Next year, in May, I will celebrate my 10 years in the industry. I have been in the media for 10 years.
I often compare notes with engineers, lawyers and the occasional sales people from outside my industry to better understand the world we live in.
A lot of my close friends have left the country, as I mentioned in previous posts. I sometimes wonder, why am I still here? Whenever I get depressed with Malaysia, I would seek out jobs with the UN. Their pay scale is rather attractive and I have always been interested in saving the world, having suffered from a superhero complex stemming from guilt since I was 17.
When I was 17, I finally realised that my high school was a hotbed for abuse and a small social experiment oh what the world would be like if it was run entirely by men, superstition and a compliance to an imagined authority. I felt guilty for not knowing that I was part of such a hellish system, so I developed a superhero complex.
It's not been an easy life, but I am not here to whine.
I focus on the present so I could safeguard the future. So I look to the past for lessons learned. In this past 10 years, I have learned that everywhere is the same. I constantly meet the same people over and over again. The same TYPES of people, doing practically the same thing.
The only way for me to effectively change my environment from unwanted elements is to establish control of that environment. Most humans in Malaysia shirk responsibility. They don't want to decide, or take ownership of anything. I don't know where the fear comes from, but it is distinctly Malaysian.
In terms of skills and knowledge, I have always busied myself observing how people work. My degree was in computer science, not mass comm or public relations, so in order to understand anything, I needed to shut up and observe.

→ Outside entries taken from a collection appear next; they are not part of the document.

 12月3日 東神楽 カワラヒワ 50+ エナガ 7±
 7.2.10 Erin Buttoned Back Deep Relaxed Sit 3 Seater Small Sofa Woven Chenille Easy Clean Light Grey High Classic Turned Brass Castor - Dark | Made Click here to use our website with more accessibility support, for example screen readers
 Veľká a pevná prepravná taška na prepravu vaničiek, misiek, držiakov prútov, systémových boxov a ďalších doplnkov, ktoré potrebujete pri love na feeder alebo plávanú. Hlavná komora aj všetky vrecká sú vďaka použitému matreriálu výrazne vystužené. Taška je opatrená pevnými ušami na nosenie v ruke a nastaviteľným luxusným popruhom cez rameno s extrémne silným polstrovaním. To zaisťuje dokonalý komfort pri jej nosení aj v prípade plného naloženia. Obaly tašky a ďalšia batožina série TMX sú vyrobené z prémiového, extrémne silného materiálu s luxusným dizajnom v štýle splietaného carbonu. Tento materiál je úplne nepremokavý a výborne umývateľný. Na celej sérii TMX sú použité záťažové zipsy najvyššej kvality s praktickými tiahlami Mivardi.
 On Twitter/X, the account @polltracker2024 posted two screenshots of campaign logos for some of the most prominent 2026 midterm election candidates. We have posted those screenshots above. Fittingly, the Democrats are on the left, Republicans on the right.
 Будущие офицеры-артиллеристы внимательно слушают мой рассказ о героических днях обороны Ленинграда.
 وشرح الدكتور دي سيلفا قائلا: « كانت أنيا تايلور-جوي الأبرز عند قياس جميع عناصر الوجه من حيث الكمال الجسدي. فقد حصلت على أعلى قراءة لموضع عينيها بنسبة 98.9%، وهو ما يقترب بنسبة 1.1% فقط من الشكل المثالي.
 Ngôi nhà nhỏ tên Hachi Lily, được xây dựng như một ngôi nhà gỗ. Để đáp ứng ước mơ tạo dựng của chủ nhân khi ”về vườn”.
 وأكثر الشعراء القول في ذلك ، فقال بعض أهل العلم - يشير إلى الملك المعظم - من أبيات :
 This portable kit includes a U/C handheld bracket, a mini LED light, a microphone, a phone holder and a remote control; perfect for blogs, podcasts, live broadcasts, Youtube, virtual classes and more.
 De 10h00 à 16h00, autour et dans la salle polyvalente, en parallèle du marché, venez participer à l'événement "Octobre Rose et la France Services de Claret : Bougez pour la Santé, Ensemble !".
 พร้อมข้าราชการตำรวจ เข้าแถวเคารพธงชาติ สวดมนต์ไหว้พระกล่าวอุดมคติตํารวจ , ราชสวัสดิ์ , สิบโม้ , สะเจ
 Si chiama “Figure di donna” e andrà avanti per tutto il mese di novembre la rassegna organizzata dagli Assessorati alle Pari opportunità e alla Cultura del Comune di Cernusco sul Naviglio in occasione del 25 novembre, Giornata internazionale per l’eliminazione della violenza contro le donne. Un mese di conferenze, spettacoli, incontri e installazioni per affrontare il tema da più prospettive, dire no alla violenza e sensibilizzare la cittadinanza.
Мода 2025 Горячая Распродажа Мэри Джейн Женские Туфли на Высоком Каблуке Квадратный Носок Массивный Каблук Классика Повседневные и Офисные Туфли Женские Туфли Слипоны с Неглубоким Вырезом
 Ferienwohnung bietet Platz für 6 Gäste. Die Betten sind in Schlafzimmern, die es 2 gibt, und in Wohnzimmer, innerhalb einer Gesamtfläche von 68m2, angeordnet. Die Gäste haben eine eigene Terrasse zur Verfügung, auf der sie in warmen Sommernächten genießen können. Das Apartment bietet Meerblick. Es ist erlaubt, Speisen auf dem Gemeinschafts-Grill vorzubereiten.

One of my first editors convinced me that all the basic skills in journalism are simply common sense, and that common sense can be applied to any position, any task and any sort of work. I threw myself into lots of unfamiliar territories in the past decade, showing no fear - sometimes unwisely - and getting a whole bunch of mixed results. I've had some unbelievable successes and heart-wrenching failures, and sometimes I imagine that I have learned from those things.
In the first two years of my career, I accumulated debt. Credit cards fucked me up. Actually, I fucked myself up using credit cards to buy comic books. I used to spend anywhere between RM200-500 a month on comic books. It took me five years to pay off my credit cards. Three years to procrastinate, and two to do something about it.
I worked like a motherfucker for a year, during a period when I had insomnia, and managed to pay off everything.
I used to take on any jobs, simply because I wanted to learn how to do things. I've never been afraid of hard work, in my youth, and saw those extra tasks as an opportunity to improve myself by acquiring more skills and knowledge by doing things.
Nowadays, growing older, I know I can't do anything and everything that's pushed my way. I need to choose and at this stage, I believe I can choose.
I come from the swamp, so I consider myself very lucky to have lasted this long in the big city. I also made and stuck with the decision to avoid drugs altogether. Drugs fucked up some people in my hometown. I knew then that if I were to do the same, knowing my addictive personality and my tendency to overdo things, I would be dead in three months.
Some people think I took drugs to write. Bitch, please. This is real talent right here. I'm not Lance Armstrong. Wank wank!
I did suffer from insomnia, though. It wasn't good at all.
Anyway, in my 10 years, which is not even half the experience with some people I work with, I have managed a tour of the media industry which included everything from newspapers, magazines, TV, film and now social as well as new media. The only medium I have never worked with is radio.
As for personal development, I have found my spiritual whatever in the non-magic texts of orthodox religions. I really have a problem when people treat religion as some sort of Harry Potter Magic Textbook or grimoire. I don't believe in magic. I just don't. I think that is abusing and misusing what religion was originally intended for - a manual to calm the fuck down.
Some humans need religion to keep them from being animals - stupid, evil and/or greedy. The Jewish beliefs have this thing called the Tree of Sefirot, which lists God, Angels and Humans as three levels of being. The tree has branches and each branch represents an attribute or feature for each of the three.
Some traditional religions have 'enlightenment stages' such as the arhant, the boddhisativa and the Buddha.
In Islam, I believe a lot of the things are philosophical and are in line with most other faiths. However, the closed nature of most Muslims have made these similarities less obvious, in an attempt to feel special or victimised, or special due to being victims.
Oh well. Fuck that.
I better get some sleep, or I might develop insomnia again.